OK, so this was a new dermatologist. And, we didn’t really know each other. And, she seemed pretty convincing that I was there for no reason. She proceeded to tell me that while the Actinic Keratosis that I was diagnosed with was sometimes called “pre-cancer” that the likelihood of it being cancer was really low (yes, I’d heard that before) AND that it usually takes decades for it to become cancerous.

So, while I wasn’t so impressed with the bedside manners of this dermatologist, they were [at least] making me feel like there was nothing to be worried about. In the back of my mind, I started thinking – maybe I don’t even need to get this biopsied. Maybe I should just get it frozen off again.

But, a bit more time with this dermatologist made me just want to “get it over with.” To be honest, I should have asked a lot more questions. However, I was already feeling like I was wasting their time. So, I just decided to move forward. We did the biopsy. I remember asking what would need to be done if it was something and their response was “not much more than what we’re doing today.” (but, again, it felt more like a brush-off than a real answer)

I left. I went home. I got more and more frustrated for the next few hours as I realized what an incredibly frustrating visit I had had. The doctor didn’t really interact. They didn’t seem to want to answer questions. I thought – at least I can research things and investigate this. I have people to chat with about this, etc. What would the experience be (with that doctor) for someone else who doesn’t use the internet, etc. I ended up writing a 2 page letter to the head of dermatology. Here’s a VERY small highlight:

Today, I had my first and last appointment with Dr. XYZ of Dermatology.

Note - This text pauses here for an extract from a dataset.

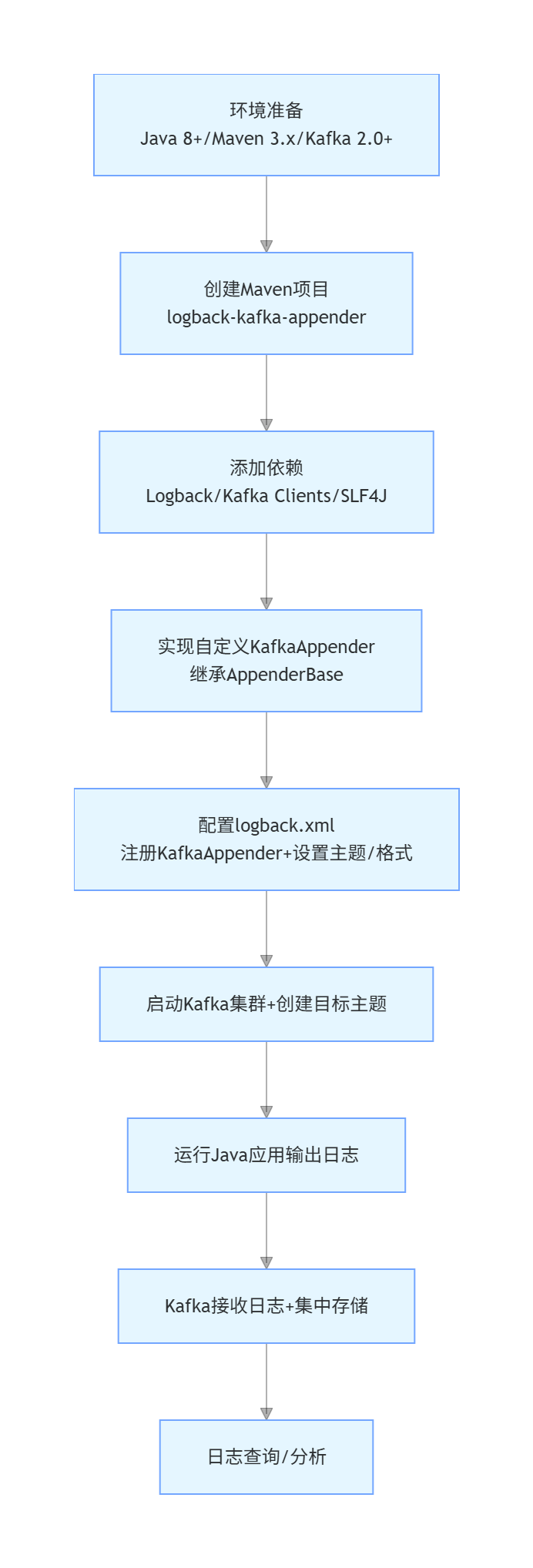 在Java应用中使用Logback作为日志框架时,如果需要将日志信息输出到Kafka,可以通过自定义Appender来实现这一功能。下面是一个详细的步骤指南和示例代码,展示如何扩展Logback以支持将日志输出到Kafka。
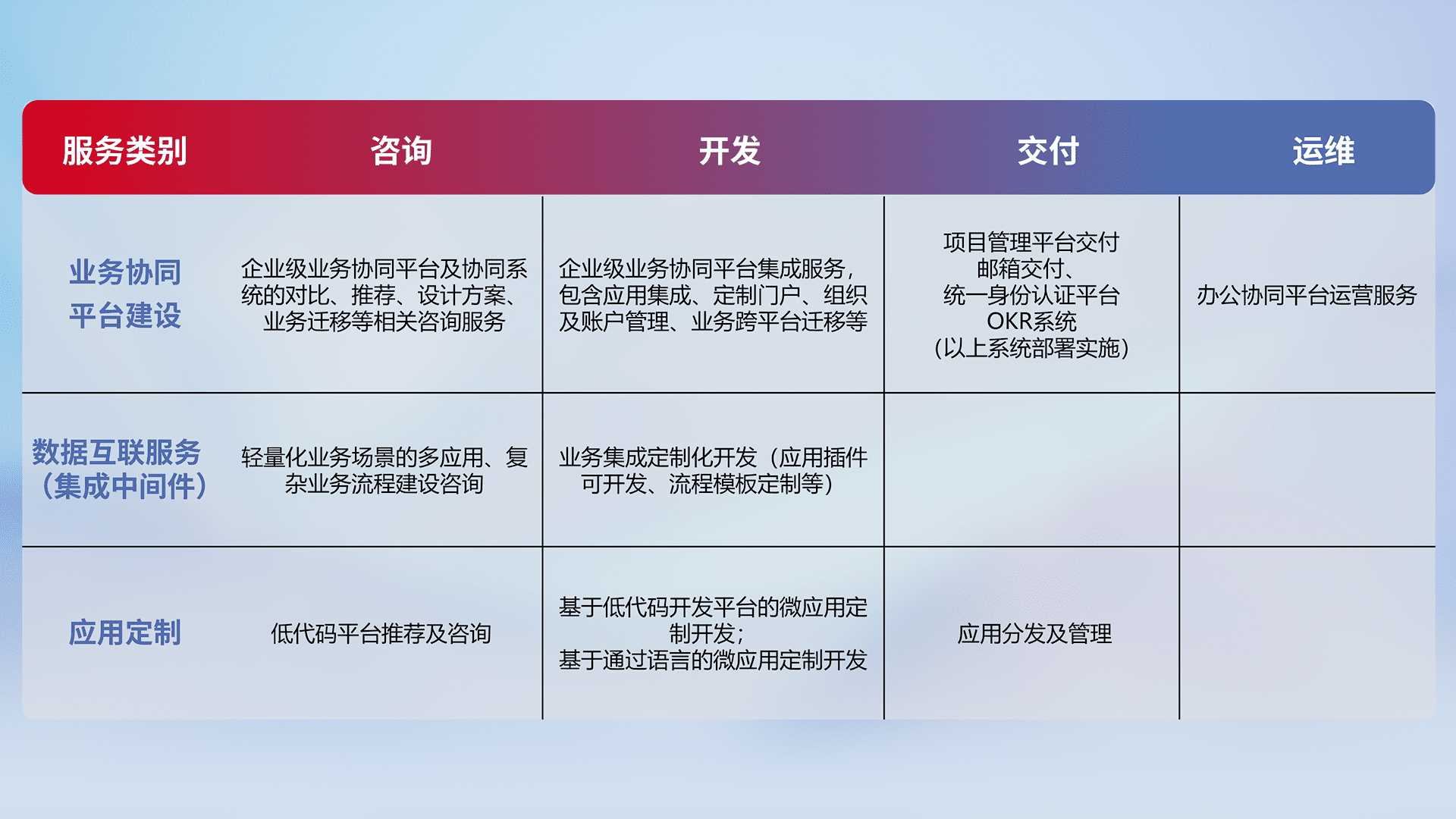 针对钉钉、、、企微、、、、IDaas等平台级产品提供产品的规划、、方案、、交付、、定制化开发等服务,,实现如统一协同办公、、智能客户服务、、、混合会议管理、、、智能数据查询、、、、等业务场景,,,实现数字化转型。。

… They need to understand that just because my problem isn’t interesting to them, it’s still something that I want taken seriously. …

The good news is that they took away most of my fears of something nasty; I’m looking forward to hearing my incredibly lame results.

So, I waited. It was a Tuesday when I had the appointment. It was Tuesday night when I wrote the letter. Then, on Wednesday, I was even more frustrated with the biopsy. I was told not to remove the band-aid for 24 hours but when I did, I had a grand-canyon-like crevice on my face. [Note about my overreaction: it was about the size of a dime. But, it was on my face and it was awful looking. All I could think about was - sh*t, that's gonna leave a mark. And, sh*t why didn't they tell me that this biopsy was going to be so much bigger than the original spot and much deeper than I expected. Ugh. Again, I wish I had asked more questions.]

And, now I was even more frustrated. It looked like I was going to have a scar – for nothing. I ended up calling my regular doctor who put all of this to rest. Yes, shave biopsies tend to look really gnarly at first but they tend to heal pretty well. And, even a couple of days later, it was looking much better. OK, no biggie.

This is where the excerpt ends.